Set Up Elasticsearch
Full-text logs.
Overview
Standing up Elasticsearch (or its OSS sibling OpenSearch) plus Kibana gives a team full-text log search, structured aggregations, and the dashboarding to actually use both. The work that matters is not node count; it is index lifecycle, mapping discipline, and choosing managed-versus-self-hosted before the first GB lands.
- Full-text log search. Free-text queries with relevance ranking across millions of lines. The investigation tool ops engineers reach for first.
- Aggregations on structured fields. Sum, count, percentile bucketed by service, status code, region. The summarisation layer Kibana visualisations sit on.
- Kibana for dashboards and Discover. Saved searches, dashboards, alerting. The UI most engineers learn through.
- Index lifecycle plus cluster topology. Hot/warm/cold/delete tiers from day one; deliberate master/data/ingest role split as the cluster grows.
The approach
Three habits make Elasticsearch a reliable platform rather than a recurring 3am page: managed when possible, ILM configured before ingest starts, and index templates that enforce mapping consistency.

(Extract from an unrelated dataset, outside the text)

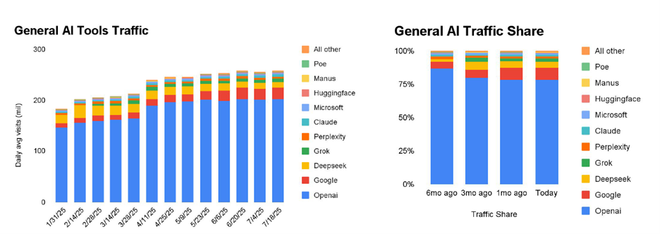 Perplexity, Claude, and Grok sure do get plenty of media attention, but they’re mostly a rounding error when it comes to overall traffic share.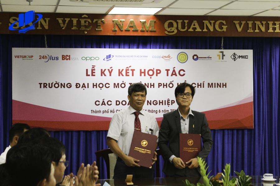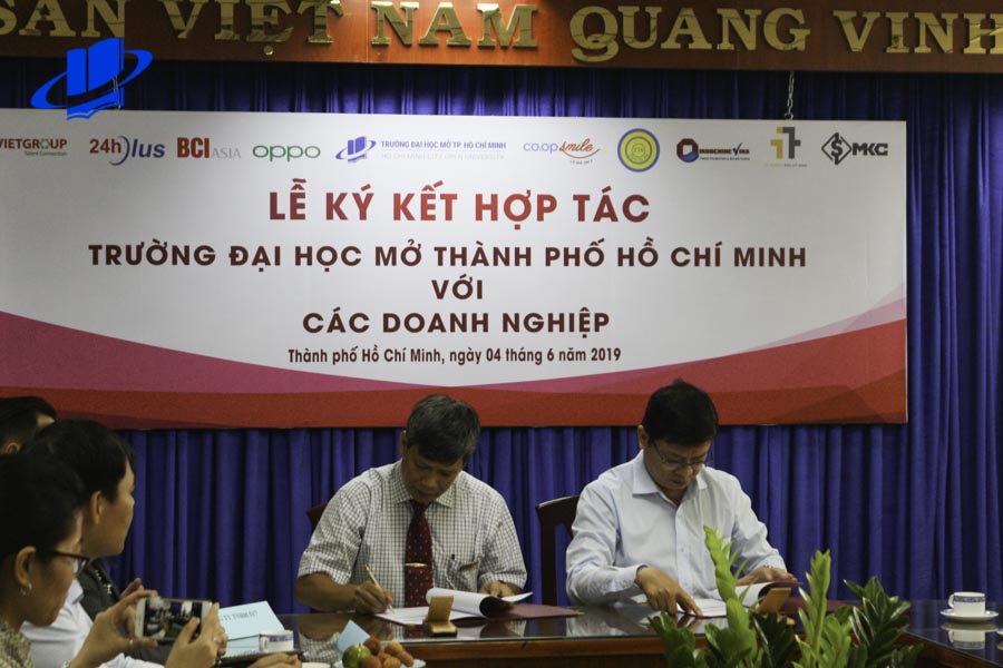 In the strategy of sustainable education development, the role of cohesion between the school and organizations and enterprises is always a top concern of the University to serve the purpose of application-oriented training to provide students with practical experiences. In order to establish a good cooperative relationship, along with the goal of developing and exploiting the strengths of the parties, on June 4, 2019, HCMCOU held a student support cooperation signing ceremony between HCMCOU and enterprises.

- Managed when possible. Elastic Cloud or AWS OpenSearch Service. The operational tax of self-hosting is genuine; pay it only for a clear reason.

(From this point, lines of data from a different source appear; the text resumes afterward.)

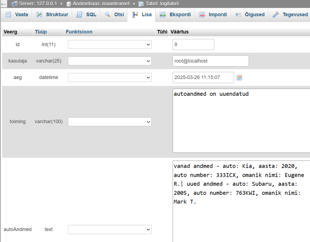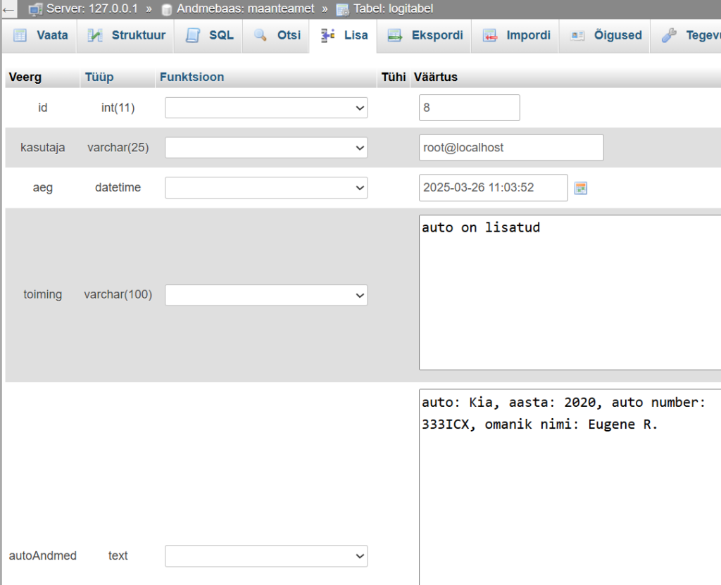 INSERT INTO logitabel(aeg, toiming, autoAndmed, kasutaja)
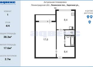 Однокомнатная квартира на продажу, 38.3 м2, Заречная улица, 13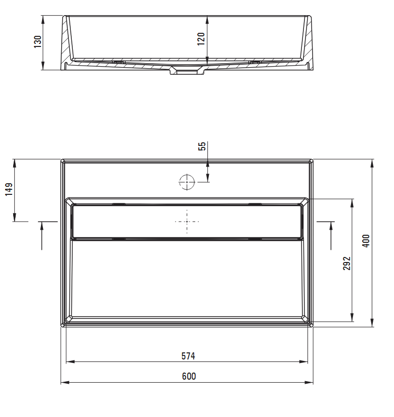 Sapho GARDA pultra szerelhető mosdó, 50x13,5x40cm AR452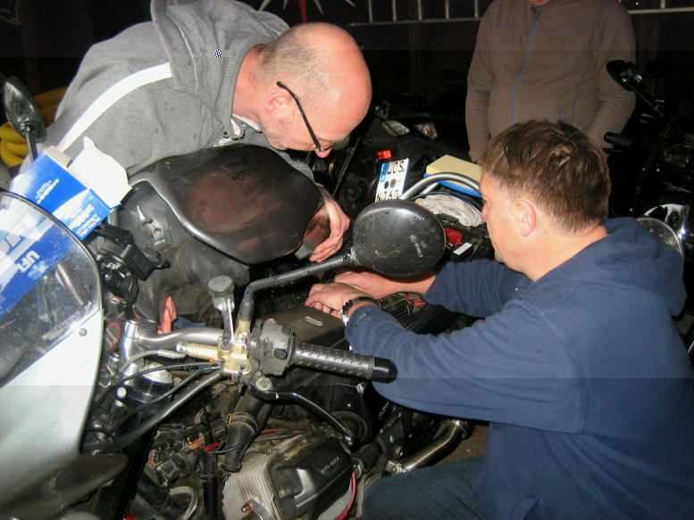 Das waren nur routinemäßige Arbeiten. Teile inspizieren, auf Spiel prüfen, wenn notwendig fetten. Danach ging's auf die Tagestour.
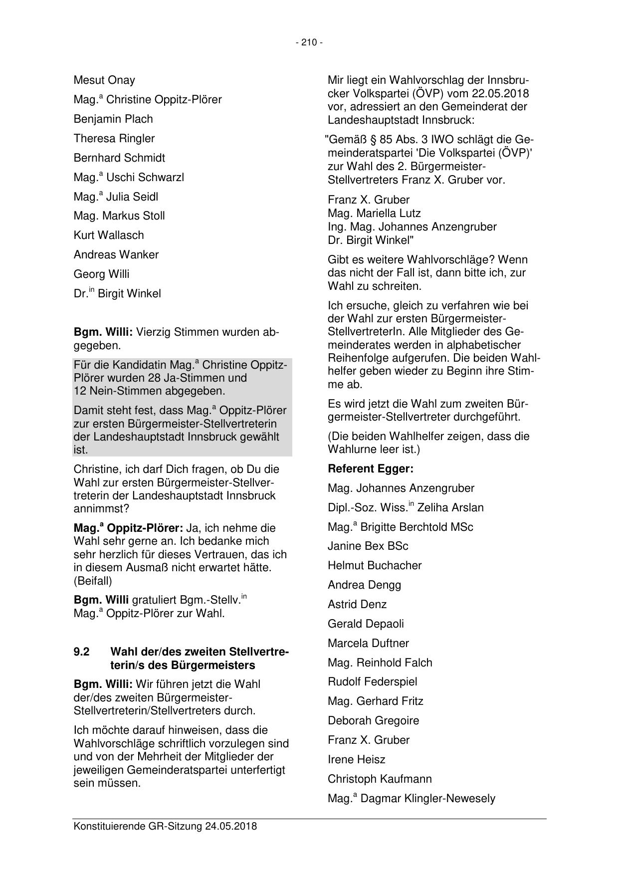 Mir liegt ein Wahlvorschlag der Innsbrucker Volkspartei (ÖVP) vom 22.05.2018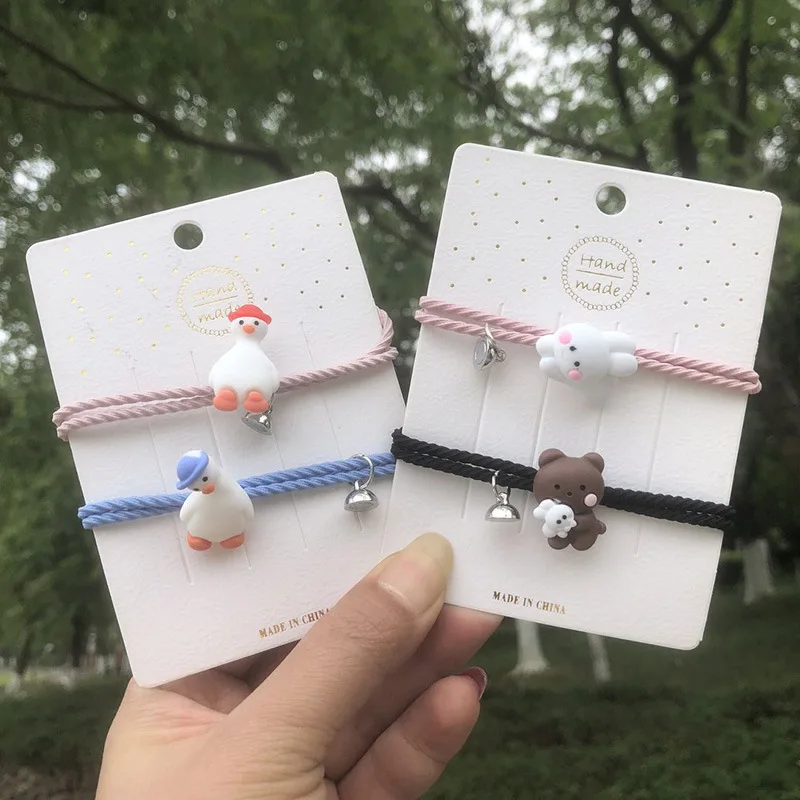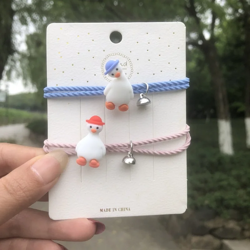 Милый Плетеный женский браслет с уткой, 2 шт.компл., яркий веревочный браслет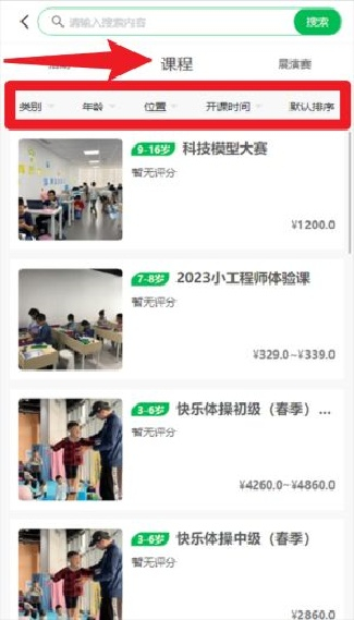 5. 课程页面上有不少课程可供挑选,家长可以根据类别、孩子年龄、活动位置和开课时间等条件进行筛选,以便直接为孩子报名合适的课程活动。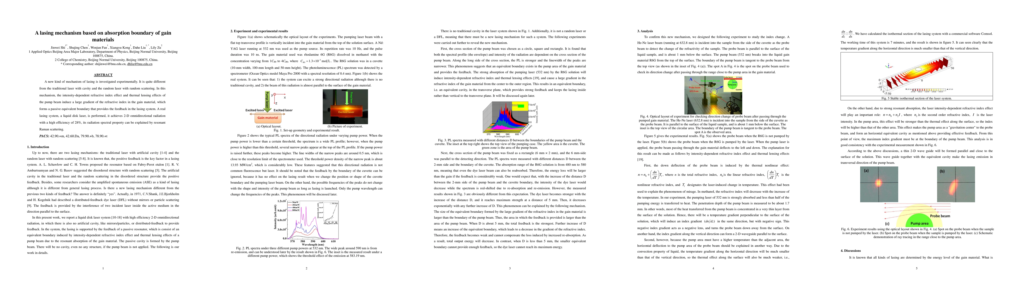 A new kind of mechanism of lasing is investigated experimentally. It is quite different from the traditional laser with cavity and the random laser with random scattering. In this mechanism, the intensity-dependent refractive index effect and thermal lensing effects of the pump beam induce a large gradient of the refractive index in the gain material, which forms a passive equivalent boundary that provides the feedback in the lasing system. A real lasing system, a liquid disk laser, is performed, it achieves 2-D omnidirectional radiation with a high efficiency of 28%, its radiation spectral property can be explained by resonant Raman scattering.

- ILM from day one. Hot, warm, cold, delete tiers configured before the first index ships. Retrofitting ILM under load is painful.

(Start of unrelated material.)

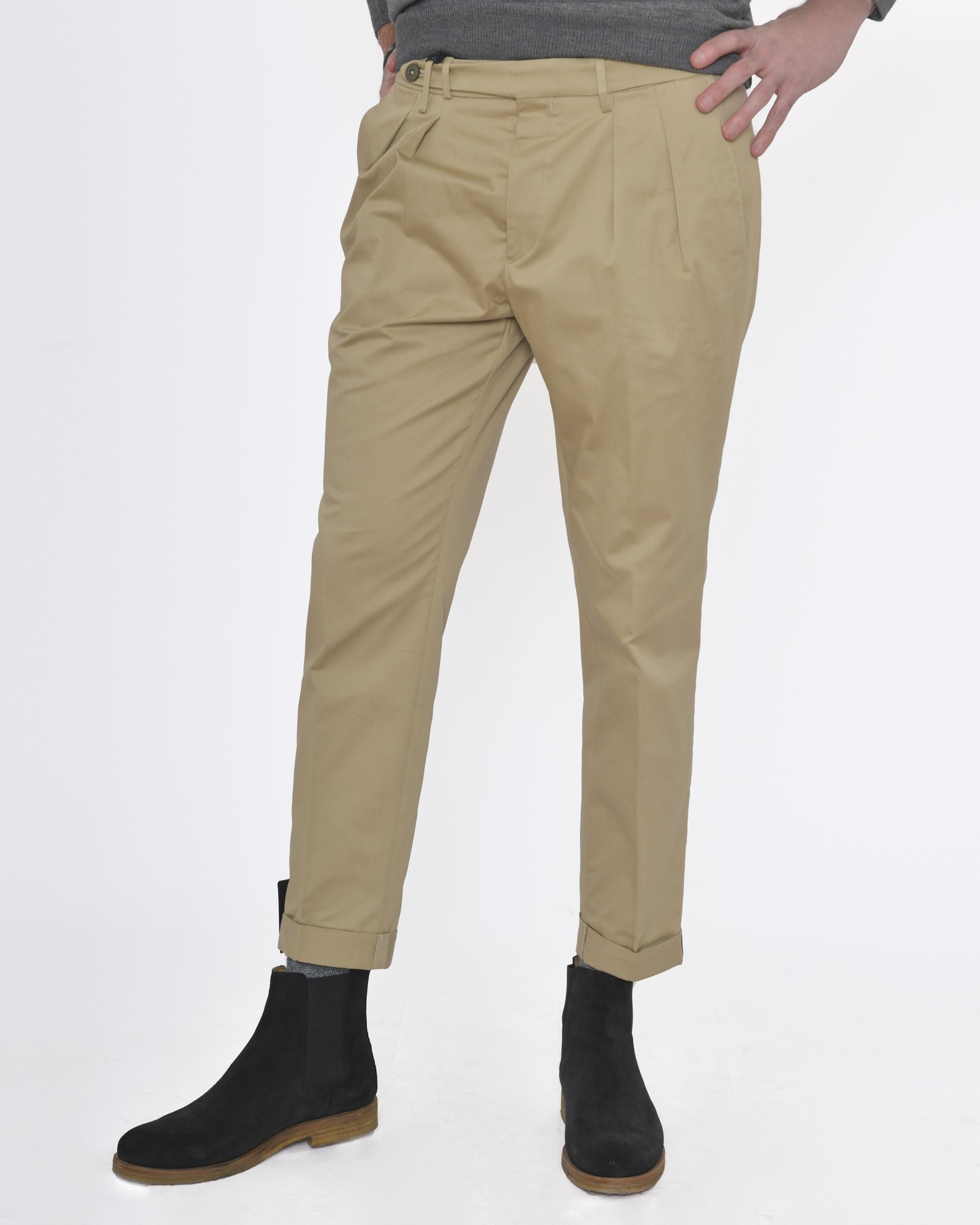 Pantalon beige Michael Coal. Détails: Pantalon ajusté, pinces devant, poche à l’italienne sur le devant, poches double passepoilées à rabat sur le dos avec boutons, fermeture éclair sur le milieu devant avec détails boutons milieu côté droit.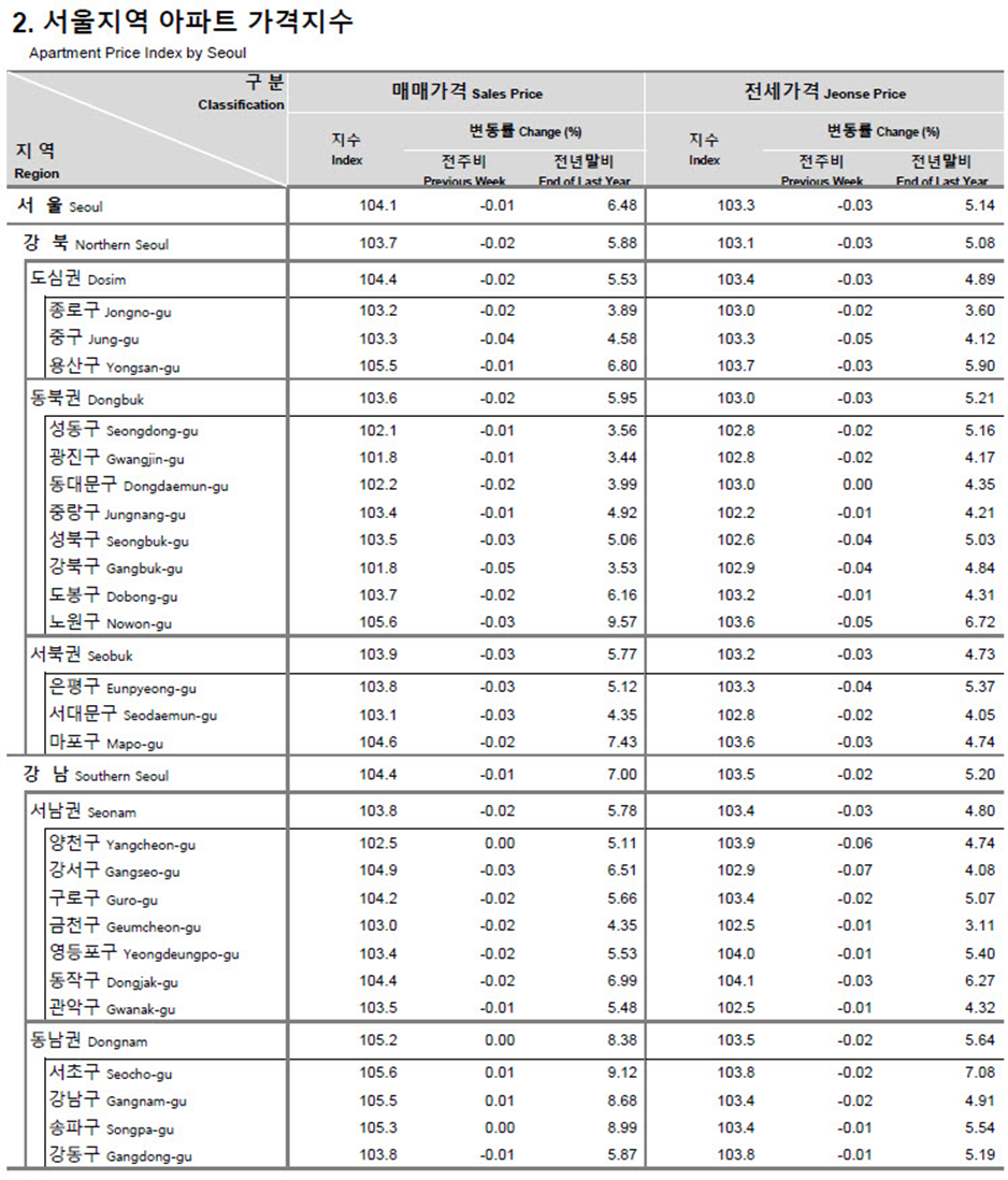 서 울 : 매매 0.01% 하락, 전세 0.03% 하락

- Index templates and consistent mappings. Standard mappings per data source so field types stay stable. Mapping explosions are the recurring outage source.
- Cluster planning plus health monitoring. Master/data/ingest role split for scale; cluster health, JVM, and query latency on the standing dashboard.
Why this compounds
Each indexed source grows the team's investigation surface. Cross-service patterns become visible; mean time to root cause drops; the platform becomes a primary analysis tool rather than just a search box.
- Faster investigation. Full-text search across the whole estate cuts MTTR on log-heavy incidents.
- Cross-service visibility. Aggregations reveal patterns no single service dashboard could show.
- Retention matched to access. ILM keeps hot data fast and cold data affordable. Storage cost stays predictable.
- Year-one investment, year-two habit. The first install is heavy. By year two, onboarding a new log source is a 30-minute task.